Все трое вы заявили единодушно, что Гусеву не знали, но, очевидно, солгали. Позвольте не приводить вам в том доказательств, сами знаете, что солгали. Однако в самой лжи заметна странность — почему так единодушны люди, столь непохожие друг на друга? Ответ возможен двоякий. Первый — люди разные, а веревкой повязаны одной, связали их обстоятельства, общая вина, общая судьба. Ответ соблазнительный, но на поверхности, прост. Другой мне ближе. Единодушие мнимое, в основе которого лежат причины совсем разные. Из различных соображений все трое исходили, когда говорили одно и то же.
Из каких? Корыстных или благородных? Ведь человек не всегда молчит из страха. И присмотревшись к вам, пришел я, Простите за откровенность, к выводу, что один вы из тройки пошли на ложь не из трусости.
Витковский протестующе поднял руку.
— Погодите. Я лишь предполагаю. И не оправдываю вас. Напротив, каковы бы ни были соображения ваши, итог их, результат, объективно ошибочен и вреден…
Разговор их, как и первый, происходил на квартире Витковского. Снова они были вдвоем, но на этот раз не случайно, так договорились по просьбе Мазина. И еще, на столе было пусто, и не играла музыка, и Витковский не выглядел гостеприимным хозяином, а сидел, сгорбившись, в кресле, следя усталым взглядом, как Мазин ходит по комнате и говорит, ему говорит, Станиславу. Но, слыша слова Мазина, Витковский слышал и другое, находился в другой комнате, в Борщихином флигельке, лежал на койке, убранной байковым одеяльцем, а рядом крутился Вова и говорил, тоже убедительно говорил…
— Дело, Стас, конечно, хозяйское, но я бы на твоем месте сходил.
— Вот и пойди. Билеты у меня в плаще, в кармане.
Вова махнул рукой:
— Упрям же ты, как валаамова ослица. Татьяна меня терпеть не может.
— Почему?
— Ну, если хочешь, потому что я презираю таких, а женщины это великолепно чувствуют.
— Если презираешь, почему загорелся душеспасительной идеей?
— Могу ответить. Пора это свинство кончать. Им же лучше будет. Узнает правду, переживет и забудет.
— Так о ком ты заботишься?
— О себе! Тебя это устраивает? Надоела мне эта мелодрама! Муха скулит, жалуется — Татьяна ему проходу не дает, а нам отдуваться. Ведь на носу госэкзамены, защита… Я эгоист? Да. Поэтому я и не иду. А ты альтруист. Тебе они нравятся. Вот и сделай доброе дело, открой ей глаза на Муху. И он тебя поблагодарит. И я. Всем хорошо будет.
— Но это не мое дело.
— Прекрасно, пойди, утешь брошенную женщину, чтобы не стояла в одиночестве под часами. Тебе-то она симпатизирует. Замена, правда, неравноценная…
— Оставь идиотскую иронию. Никогда у тебя не поймешь, всерьез ты или шутишь.
— Я всегда серьезно говорю. Сходи в кино с Татьяной.

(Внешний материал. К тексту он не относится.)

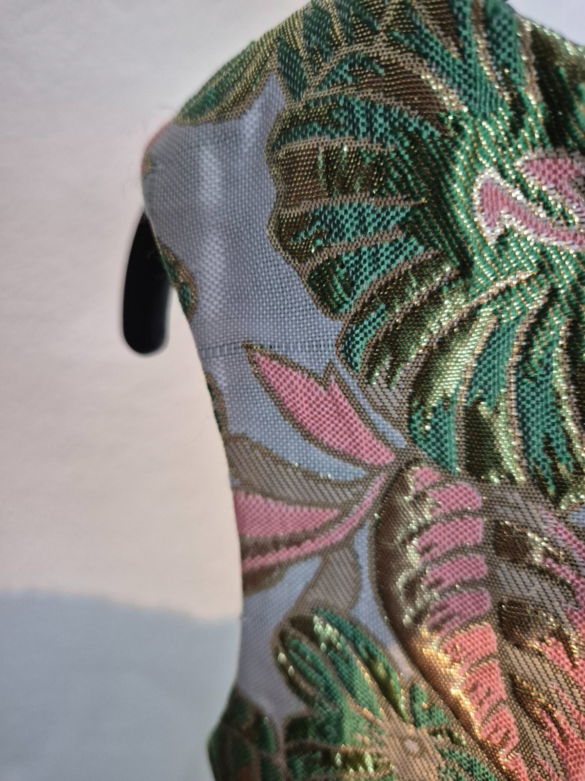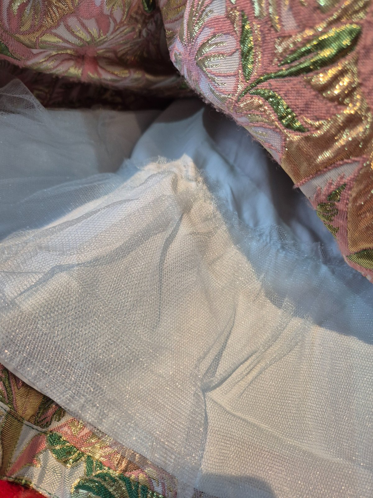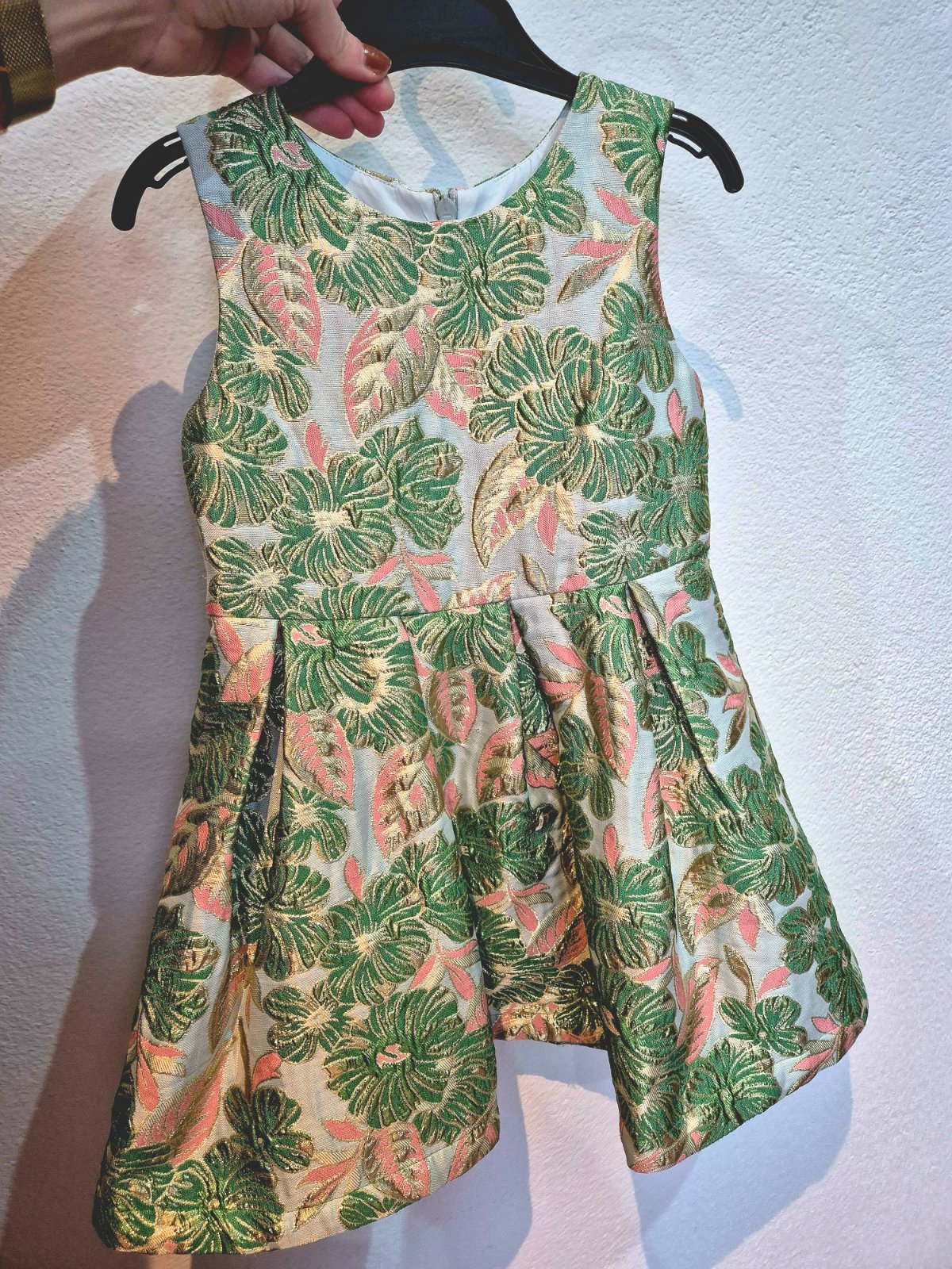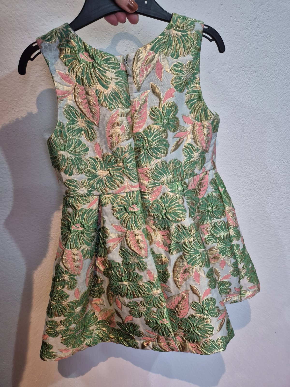 Zelené detské príležitostné šaty bez rukávov sú vhodné na svadbu či oslavu. Krásny vzor listov so zlatou niťou pôsobí slávnostne. Šaty sú na zips a sú z pevnejšieho materiálu, ale vďaka pišitiu neškriabali (opraním sa na pár miestach jemne rozšíril vzor - vidíte na poslednej fotke).

— Не пойду, — ответил он, зная, что пойдет, не устоит перед этой единственной возможностью побыть с ней вместе, сказать что-то (не о своей любви, конечно, а просто о чем угодно, о погоде, о чепухе какой-то), сказать и услышать ее слова, ее голос, к нему одному обращенный. Даже если она откажется, не пойдет в кино, и тогда несколько минут (пусть хоть минуты!) будут они стоять рядом… В последний раз! Как же тут не пойти, как?
— Ну, и не ходи, не ходи. Можно подумать, мне это больше всех нужно. Я нашел записку, обегал полгорода, искал Муху, не нашел, теперь тебя целый час умолачиваю, и я же эгоистом считаюсь… Да ну вас всех к черту!
Вова обиженно двинулся на кухню, нашел на плите остывшую зажаренную картошку, взял сковородку в одну руку, вилку в другую и снова вышел, закусывая на ходу.
— Вова! А с Ириной это уже наверняка?
— Я думаю.
— Из-за отца, выгод?
— Ну, милый, ты меня ставишь в неудобное положение. Сообрази сам, чем еще может привлечь эта худосочная девица?
— Может быть, она умный, интересный человек?
— Не смеши! — Вова поперхнулся холодной картошкой. — Тебя, возможно, и привлекли бы эти качества, но не интеллектуала Муху.